South Africa’s Gas Cliff: Can Domestic Resources Avert an Energy Crisis?
South Africa stands at a critical energy crossroads, with government leaders debating how to prevent a severe natural gas supply shortfall projected for 2028. While one minister has warned of an impending crisis requiring emergency imports, another insists the solution lies beneath the country’s own soil.
The Looming “Gas Cliff” and Conflicting Strategies
In late 2023, Electricity and Energy Minister Kgosientsho Ramokgopa raised alarms about a looming “gas crisis,” revealing plans to negotiate a massive import deal with Qatar for 180 petajoules (PJ) of liquefied natural gas (LNG) annually. This proposal was framed as a necessary stopgap to protect industry and the national grid from collapse.
However, Mineral and Petroleum Resources Minister Gwede Mantashe presented a divergent, more optimistic view at the recent Africa Gas Forum in Cape Town. He argued that the much-feared “gas cliff” is not a foregone conclusion but a scenario based on a specific, flawed assumption.
“We’re talking about the gas cliff in 2028. And that position assumes that we don’t discover gas. But if we discover gas and exploit it, there won’t be a gas cliff because we have the gas reserves and they don’t migrate. We have to exploit them,” Mantashe stated.
A History of Dependence and the Decline of a Lifeline
To understand the urgency, one must look at South Africa’s historical gas supply chain. For decades, the nation has relied heavily on pipeline gas from Mozambique’s offshore Pande and Temane fields, which have provided approximately 90% of South Africa’s gas needs. Minister Mantashe confirmed a stark reality: these fields are now in irreversible decline.
This dependence creates a single point of failure. The dwindling Mozambican supply is not merely an operational challenge for companies like Sasol and Eskom; Mantashe framed it as a direct economic risk to the country’s industrial base and energy security.
The Two-Pronged Strategy: Imports and Exploration
Despite his confidence in domestic resources, Mantashe’s ministry is pursuing a dual-track approach to manage the transition and avoid industrial disruption.
- Immediate Imports (Bridging Solution): The government is engaging with Sasol’s proposal to supply methane-rich gas from 2028 to 2030. This is described as “crucial breathing space” to allow for the completion of essential LNG import terminal infrastructure.
- Accelerated Domestic Development: The core of Mantashe’s argument is a vigorous push to explore and develop South Africa’s own offshore and onshore gas reserves, particularly in the Karoo and offshore basins like the Orange and Bredasdorp.
“To avert an industrial abyss, we are implementing a two-pronged strategy: immediate imports and accelerated domestic development,” Mantashe reiterated, framing both tracks as essential and complementary.
Geopolitics, Fair Transition, and Africa’s Potential
Minister Mantashe placed South Africa’s gas dilemma within a broader global context of “heightened geopolitical tensions” driven by competition for resources. He warned that resource-rich nations, including those in Africa, often bear the brunt of these struggles.

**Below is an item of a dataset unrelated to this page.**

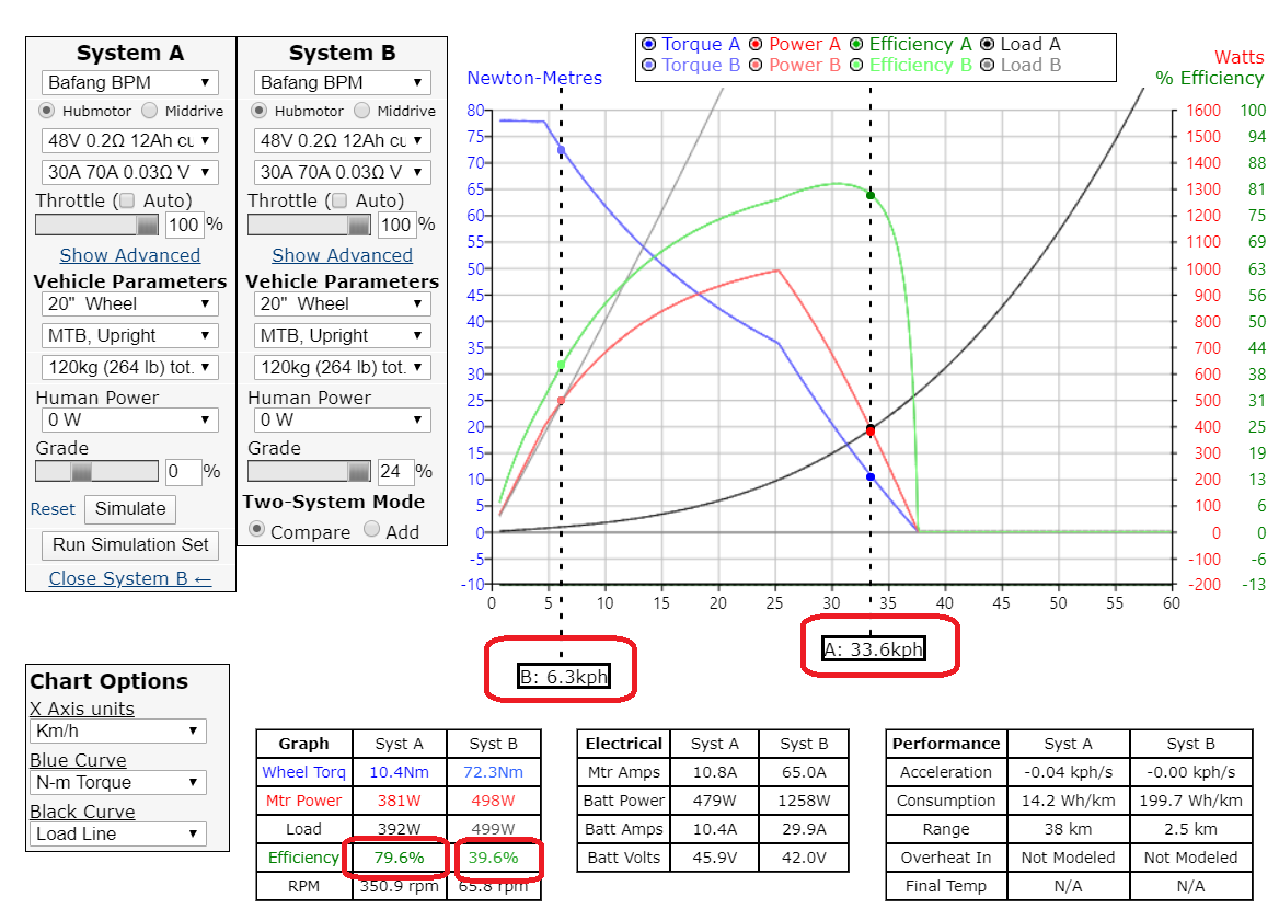https://www.ebikes.ca/tools/simulator.html?bopen=true&motor=MBPM&batt=cust_48_0.2_12&wheel=20i&mass=120&hp=0&throt=100&motor_b=MBPM&batt_b=cust_48_0.2_12&wheel_b=20i&mass_b=120&hp_b=0&throt_b=100&k=1&k_b=1&grade=0&grade_b=24&cont=cust_30_70_0.03_V&cont_b=cust_30_70_0.03_V

He then pivoted to a compelling argument about equity and the energy transition. Noting that Africa holds about 7% of known global gas reserves but contributes less than 4% of global greenhouse gas emissions, Mantashe contended that developing domestic gas is not a speculative luxury but a “fundamental” necessity for a “fair and realistic energy transition” that respects socio-economic realities.
“The strategic use of our three domestic gas resources… takes into account socio-economic realities,” he said, implying that a rapid, gas-independent transition to renewables could devastate South Africa’s economy and workforce without a secure, locally-sourced transitional fuel.
Challenges and the Road to 2028
Turning potential into production is a monumental task. The timeline is aggressive: significant exploration, appraisal, and development would need to begin immediately to bring new fields online before the 2028 shortfall. This requires substantial investment, regulatory certainty, and the resolution of environmental and community concerns, particularly around onshore fracking in the Karoo.
The minister’s vision hinges on a simple premise: South Africa’s known gas resources are static “reserves” waiting to be turned into producible “resources.” However, the energy sector and independent analysts caution that exploration is inherently risky, costly, and time-consuming. Success is never guaranteed, and even successful exploration faces a multi-year development cycle.
The debate thus crystallizes a fundamental policy rift: whether South Africa’s primary bet for energy security should be on securing foreign LNG imports (with associated price volatility and logistical complexity) or on a high-risk, high-reward national exploration campaign. With the 2028 horizon approaching, the decisions made in the next few years will determine whether South Africa faces an “industrial abyss” or unlocks a new chapter of energy self-sufficiency.